*WORK INSTRUCTION*:
Each entry below should be echoed exactly, with pictures omitted.

━━━ THE DATA

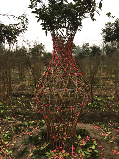 三、捆扎造型。造型時,可按花瓶規(guī)定的樣式和規(guī)格進行。在編排枝條之前需用竹條或者鐵絲做成不同規(guī)格的圓圈。編排時,先將圓圈固定在枝條中間做花瓶的骨架,之后將紫薇枝條由下至上編排,每個枝條的交叉點用繩子捆牢,每個交叉孔應絕對規(guī)則統(tǒng)一,大小一致,錯落有序。由于紫薇再生能力很強,捆扎緊貼,每個交叉捆扎點一般在12-16個月就能長到一起。
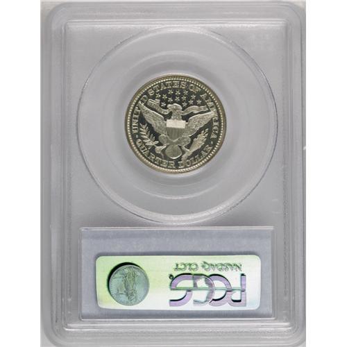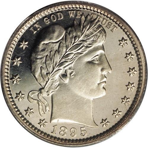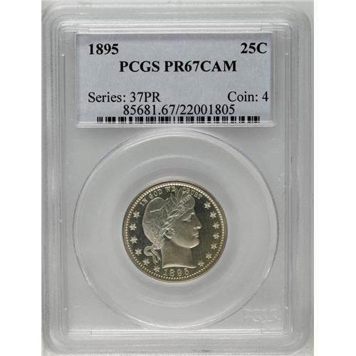 <B>1895<25C> PR67 Cameo PCGS.</B></I> This Superb Cameo proof example is a sensational specimen, and highly desired due to the popularity of this date, a situation created by the proof-only Morgan dollar issue. It is often the case that the successful purchaser of an 1895 Morgan silver dollar goes on to complete the proof set for the year. This example is essentially brilliant with a hint of peripheral gold color. The fields are deeply mirrored with highly lustrous devices. It appears that this is a borderline Deep Cameo example. Population: 4 in 67, 1 finer (4/06).
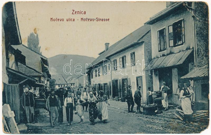 Zenica, Kocevo ulica / Kocevo-Strasse / street view, shops. W.L. Bp. 4...
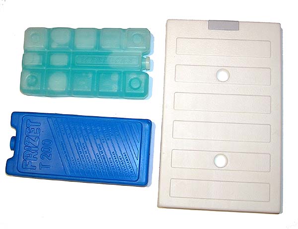 i modré mrazící vložky do přenosných ledniček, které necháme zmrazit a pro jistotu
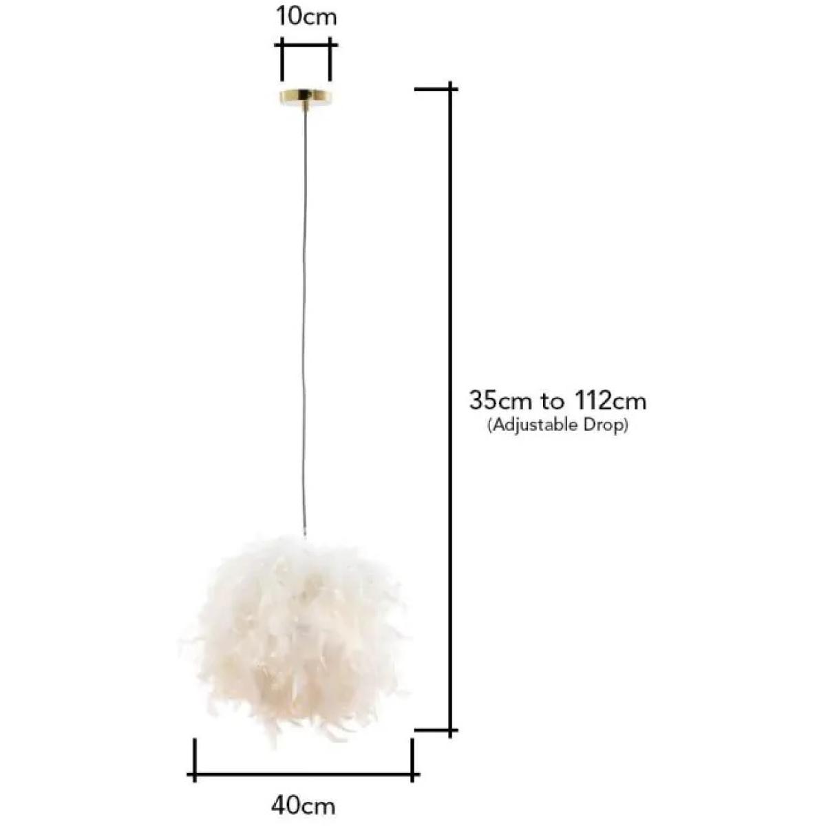 The BHS Plume Feather Ball Ceiling Pendant in Brass is a bold and stylish statement piece for any room. Featuring a 40cm feather shade that elegantly encases the inner bulb, this unique pendant light adds a touch of softness and sophistication. Suspended from a polished brass fitting, it brings a luxurious yet playful element to your space, perfect for those looking to make a design statement. 1 Light requiring an E27 Edison screw bulb (Not Included) Some assembly may be requried. Max wattage 42 Watt Compatible with LED May Require Assembly Required Dimensions Diameter: 40cm Ceiling Cap 10cm Adjustable drop from 35cm to 112cm Weight 0.8kg
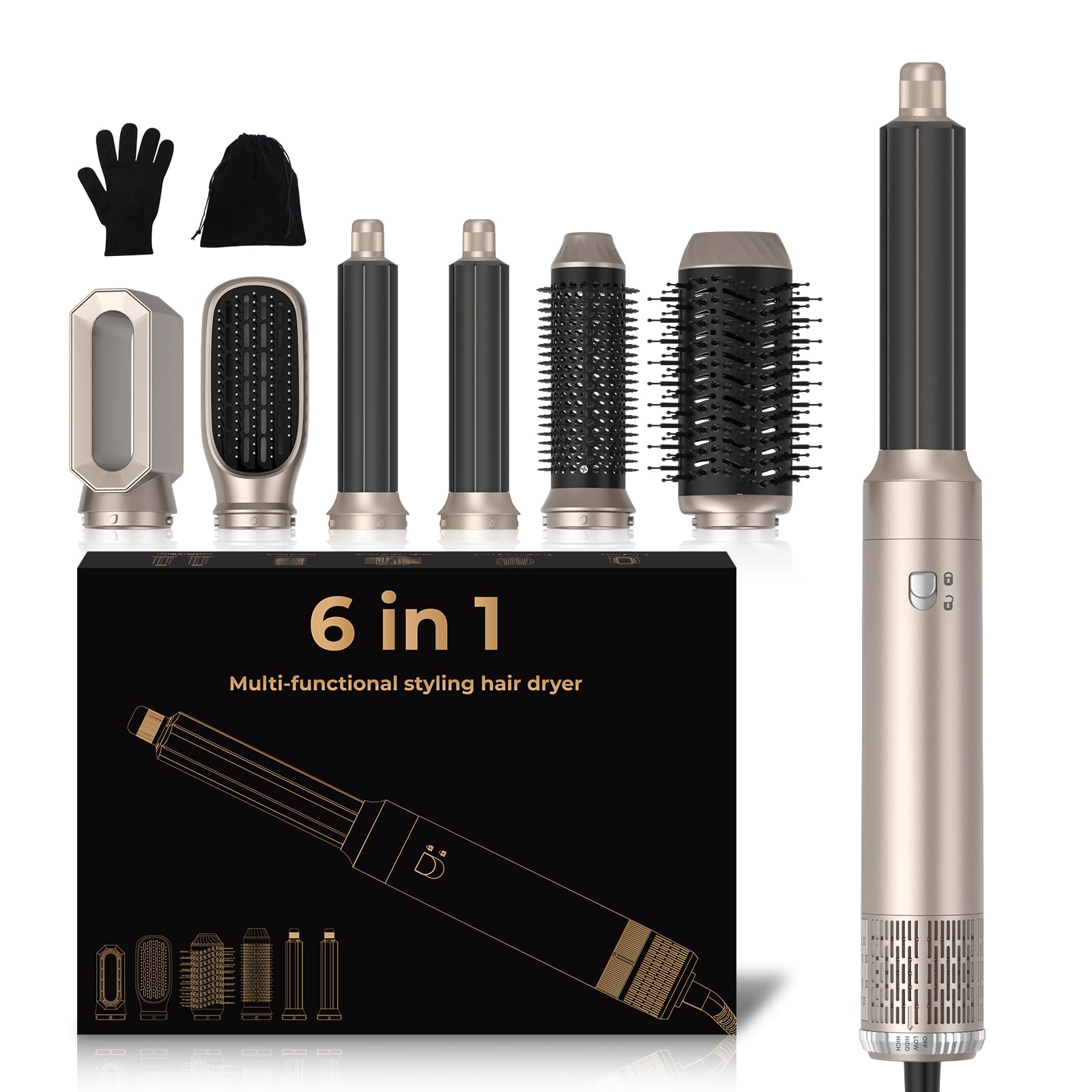 - 6 in 1 Air Styler -Das haarstyler et kombiniert einen Haartrockner mit dem beliebten föhnbürste.Air styler kommen in verschiedenen Zubehörteilen und können bei Bedarf ausgetauscht werden.Schalten Sie mit diesem All-in-One-Hairstyler-Tool die
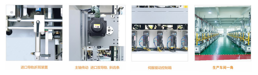 該機(jī)融紙盒的包邊、折入,壓泡為一體,運(yùn)用伺服驅(qū)動斜齒輪和凸輪完成連貫動作,穩(wěn)定流暢,精密耐用,是目前相對合理的一款成型機(jī),也是廣大禮品盒生產(chǎn)廠家的明智必選機(jī)型。

━━━━━━

*YOUR RESPONSE*:
 三、捆扎造型。造型時,可按花瓶規(guī)定的樣式和規(guī)格進行。在編排枝條之前需用竹條或者鐵絲做成不同規(guī)格的圓圈。編排時,先將圓圈固定在枝條中間做花瓶的骨架,之后將紫薇枝條由下至上編排,每個枝條的交叉點用繩子捆牢,每個交叉孔應絕對規(guī)則統(tǒng)一,大小一致,錯落有序。由于紫薇再生能力很強,捆扎緊貼,每個交叉捆扎點一般在12-16個月就能長到一起。
 <B>1895<25C> PR67 Cameo PCGS.</B></I> This Superb Cameo proof example is a sensational specimen, and highly desired due to the popularity of this date, a situation created by the proof-only Morgan dollar issue. It is often the case that the successful purchaser of an 1895 Morgan silver dollar goes on to complete the proof set for the year. This example is essentially brilliant with a hint of peripheral gold color. The fields are deeply mirrored with highly lustrous devices. It appears that this is a borderline Deep Cameo example. Population: 4 in 67, 1 finer (4/06).
 Zenica, Kocevo ulica / Kocevo-Strasse / street view, shops. W.L. Bp. 4...
 i modré mrazící vložky do přenosných ledniček, které necháme zmrazit a pro jistotu
 The BHS Plume Feather Ball Ceiling Pendant in Brass is a bold and stylish statement piece for any room. Featuring a 40cm feather shade that elegantly encases the inner bulb, this unique pendant light adds a touch of softness and sophistication. Suspended from a polished brass fitting, it brings a luxurious yet playful element to your space, perfect for those looking to make a design statement. 1 Light requiring an E27 Edison screw bulb (Not Included) Some assembly may be requried. Max wattage 42 Watt Compatible with LED May Require Assembly Required Dimensions Diameter: 40cm Ceiling Cap 10cm Adjustable drop from 35cm to 112cm Weight 0.8kg
 - 6 in 1 Air Styler -Das haarstyler et kombiniert einen Haartrockner mit dem beliebten föhnbürste.Air styler kommen in verschiedenen Zubehörteilen und können bei Bedarf ausgetauscht werden.Schalten Sie mit diesem All-in-One-Hairstyler-Tool die
 該機(jī)融紙盒的包邊、折入,壓泡為一體,運(yùn)用伺服驅(qū)動斜齒輪和凸輪完成連貫動作,穩(wěn)定流暢,精密耐用,是目前相對合理的一款成型機(jī),也是廣大禮品盒生產(chǎn)廠家的明智必選機(jī)型。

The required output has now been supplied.